The `rte_timer_manage()` call itself is not free — it walks the timer skip list
on each invocation, adding overhead that a direct TSC comparison in plain l2fwd
avoids.
## 6. The Double RX Burst is Questionable
```c
total_nb_rx = rte_eth_rx_burst(portid, 0, pkts_burst, MAX_PKT_BURST);
// ... forward all ...
if (total_nb_rx == MAX_PKT_BURST) {
const uint16_t nb_rx = rte_eth_rx_burst(portid, 0, pkts_burst,
MAX_PKT_BURST);
// ... forward these too ...
}
```
The comment says this "allows rte_jobstats logic to see if this function must
be called more frequently." The total is fed to `rte_jobstats_finish()` which
compares against the target. But this means `total_nb_rx` can be up to 64 while
the target is 32, and the jobstats update callback sees `result > target` and
decreases the period. The asymmetric step sizes make this interaction even more
unpredictable. This also means the prefetch pattern is suboptimal — the first
batch is prefetched and forwarded sequentially (prefetch one, forward one),
which doesn't give the prefetch enough lead time to be useful.
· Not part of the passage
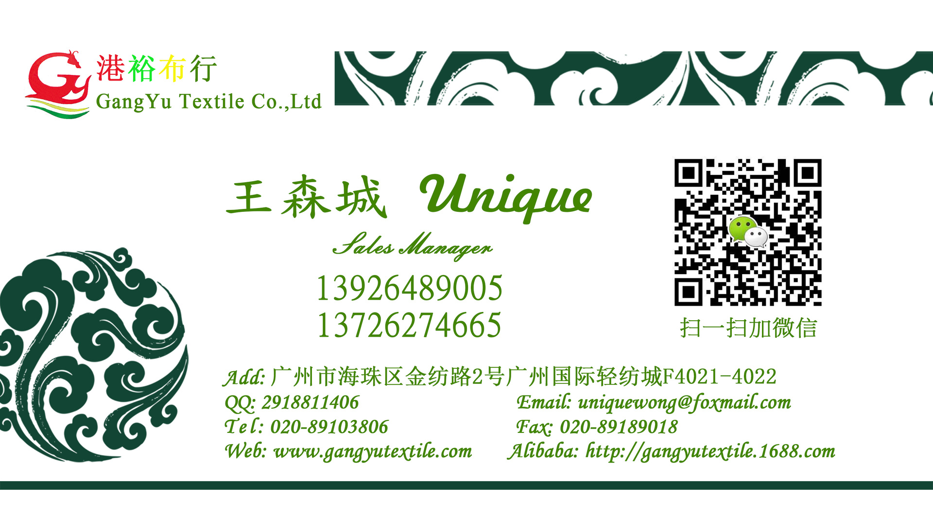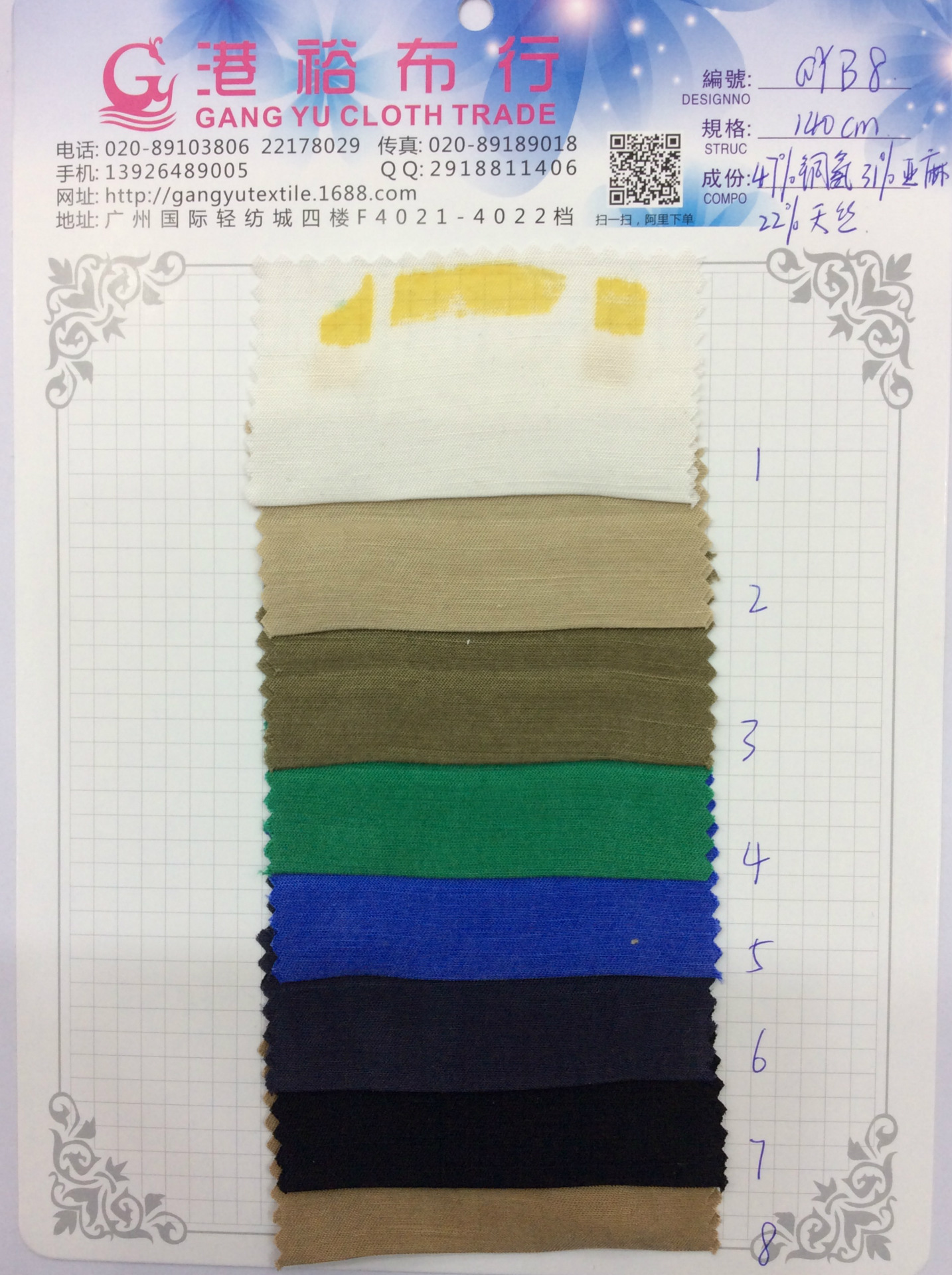 产品详情:广州港裕布行成立于1992年。它是一家集生产,加工和贸易为一体的现代化大型纺织企业。几年来,公司坚称“以人为本”的学说,坚称产品创新,质量保证,诚信经营,稳步发展的经营思维,产品一直维持着强劲的市场竞争力。

## 7. Argument Parsing Edge Cases
`l2fwd_parse_portmask()` returns `unsigned long` cast through `int` (0 means
error), so a mask of 0 is indistinguishable from a parse error. On 64-bit
systems where `unsigned long` is 64 bits but `l2fwd_enabled_port_mask` is
`uint32_t`, masks above 0xFFFFFFFF silently truncate. The port mask check `(1
<< portid)` throughout the code is undefined behavior for `portid >= 32` since
`1` is an `int`.
## 8. No Graceful Shutdown
There's no signal handler. The application can only be killed with
SIGKILL/SIGTERM, leaving ports in an undefined state (promiscuous mode enabled,
potentially with traffic still queued in TX buffers). The `rte_eal_cleanup()`
at the end is unreachable during normal operation since `l2fwd_main_loop()`
never returns.
## Summary Recommendations
If you're looking at cleaning this up or using it as a basis for review
guidelines:
The flush condition inversion should be treated as a bug fix. The main loop
should be restructured to separate the stats synchronization concern from the
packet processing path — a lock-free stats snapshot approach (double-buffering
or seqlock) would eliminate the spinlock entirely. The MAC address write needs
to use `rte_ether_addr` properly. The adaptive polling logic needs tunable
parameters and a more balanced step function. And ideally, the example should
be reconciled with plain l2fwd to show clearly what jobstats *adds* rather than
being a near-complete fork with structural divergence.